Anne-Christine Lang (born 10 August 1961) is a French politician who has been serving as a member of the National Assembly for Paris since 2014. A member of the Socialist Party (PS) until she joined La République En Marche! (LREM) in 2017, she first represented the 9th constituency as Jean-Marie Le Guen's substitute following his appointment as Secretary of State for Relations with Parliament by President François Hollande. In the 2017 legislative election, she ran in the neighbouring 10th constituency, which covers parts of the 13th and 14th arrondissements. Lang also served as a Councillor of Paris from 2001 until 2020.

Political career
In Parliament, Lang serves as member of the Committee on Cultural Affairs and Education.
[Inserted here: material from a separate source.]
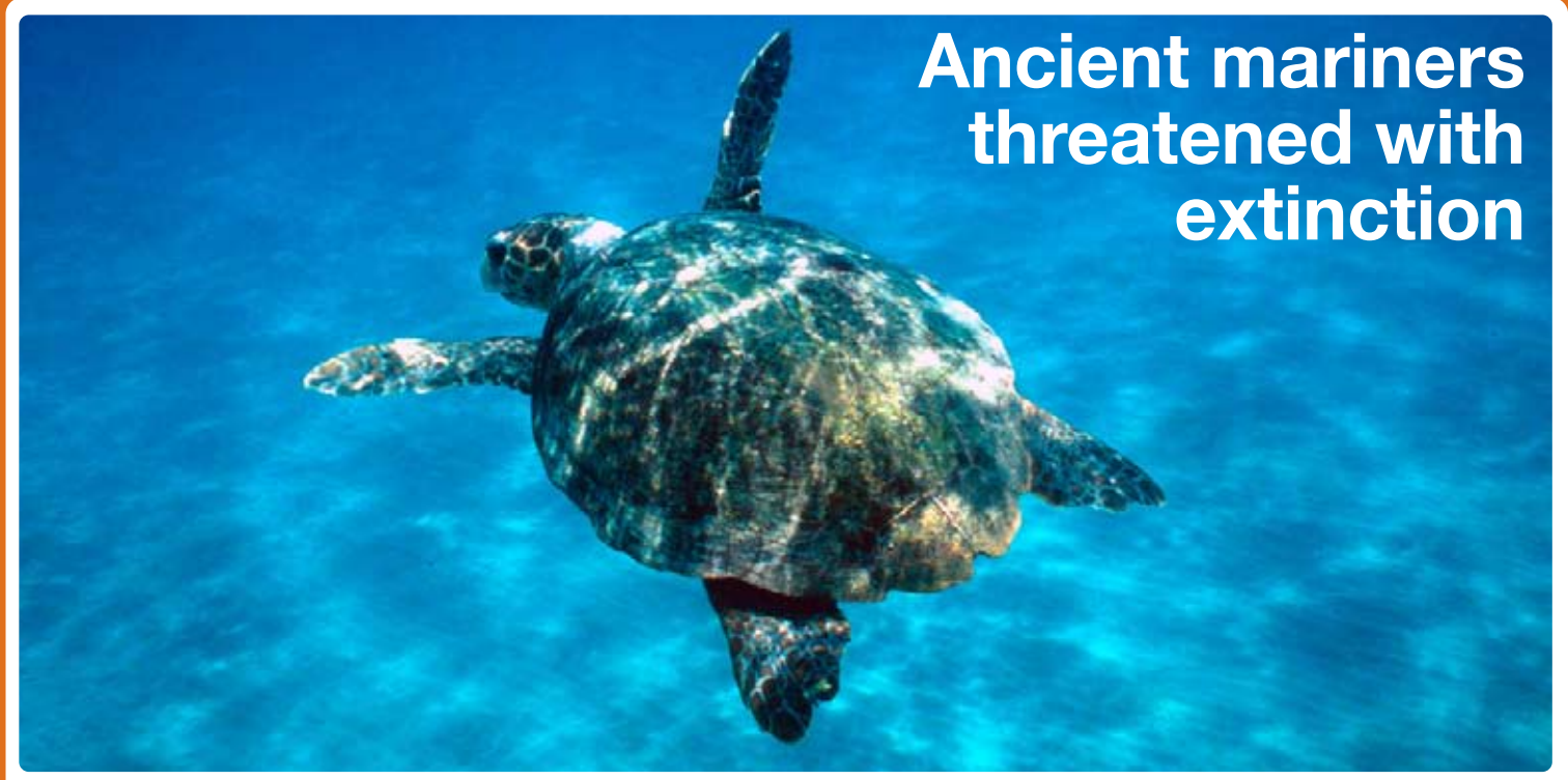
Loggerhead turtle swimming in open sea. Greece.

Marine turtles have swum in the world's oceans for over 100 million years. The only widely distributed marine reptiles, many species migrate for thousands of kilometres — and even across entire oceans - between feeding and nesting grounds. An integral part of coastal and marine ecosystems, they have also been fundamental to the culture of coastal societies for millennia. But human activities over the past 200 years have massively tipped the scales against the survival of these ancient mariners. Slaughtered in the millions for their eggs, meat, skin, and shells, their already reduced populations still suffer from poaching and over-exploitation, as well as incidental capture in fishing gear and habitat loss and alteration. Today, six of the seven living species are classified as Endangered or Critically Endangered. Concerted conservation efforts have seen turtle populations recover in some areas, but without urgent global action the future of these magnificent animals looks increasingly grim.

In this capacity, she was – alongside Fannette Charvier – her parliamentary group's rapporteur on l'école de la confiance, legislation introduced by Minister of National Education Jean-Michel Blanquer to restructure the French education system from nursery through to middle school. In 2020, Lang joined En commun (EC), a group within LREM led by Barbara Pompili.

Political positions
In July 2019, Lang decided not to align with her parliamentary group's majority and became one of 52 LREM members who abstained from a vote on the French ratification of the European Union’s Comprehensive Economic and Trade Agreement (CETA) with Canada.

For the 2020 Paris municipal election, Lang went against the party line and endorsed Cédric Villani over Benjamin Griveaux as candidate for the mayorship. 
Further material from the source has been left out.